Arrow Season 6 Episode 20 Review: Shifting Allegiances

Arrow gets some of its mojo back, but sadly it's still plagued by the same problems it has courted all season

This Arrow review contains spoilers. 

Arrow Season 6 Episode 20 Review

This week is significantly better than the previous episode, but that’s a low bar to clear. It mostly gives us a break from rehashing the Oliver-versus-everyone dynamic, and instead lets us focus on a mission and a classic confrontation with a villain. And yet it can’t seem to escape the problems that have plagued the entire season, from bloated story lines to a confuse use of this Laurel. 
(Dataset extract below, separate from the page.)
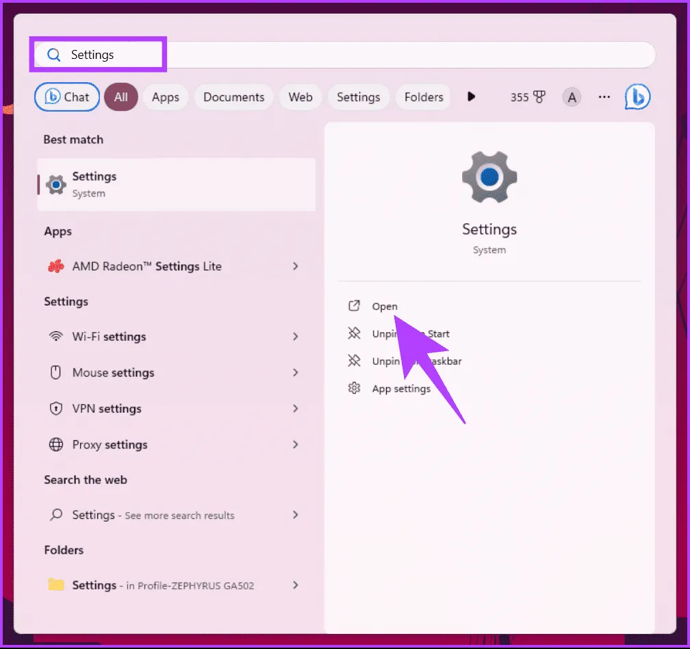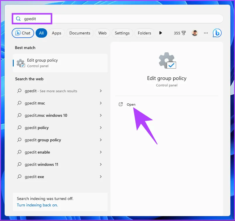 Local Group Policy Editor به شما کمک می کند ویندوز را کنترل کنید.این شامل حذف گروه بندی موارد نوار وظیفه در ویندوز 11 نیز می شود.با این حال، ویرایشگر خط مشی گروه فقط برای در دسترس است.دستورالعمل های زیر را دنبال کنید.توجه: اگر از نسخه خانگی ویندوز 11 استفاده می کنید، می توانید از این روش صرف نظر کنید.اگر نسخه ویندوز خود را نمی دانید، آن را بخوانید. مرحله ۱: کلید Windows را روی صفحهکلید فشار دهید، gpedit را تایپ کنید و روی Open کلیک کنید.برای باز کردن تنظیمات در ویندوز، میتوانید میانبر صفحه کلید Windows I را فشار دهید.

Doing favors for the Bratva is the kind of thing that would normally warrant at least some discussion between Oliver, Felicity, and Dig. It’s not to say they’ve never done, as Lance puts it, the wrong thing for the right reason. But they always talked it through, even if it was after Ollie had already gone off and done it. I hope that in the future, we see some fallout from Oliver choosing to go against his personal code.

Right now it seems to be all upside, and it’s easy to see how Oliver could lose sight of his boundaries without his two-person moral conscience, Felicity and Dig. As much as they both provided serious tactical and strategic advances, their biggest contribution to the team was in how they always pushed Oliver to be a better man and a better hero for his city.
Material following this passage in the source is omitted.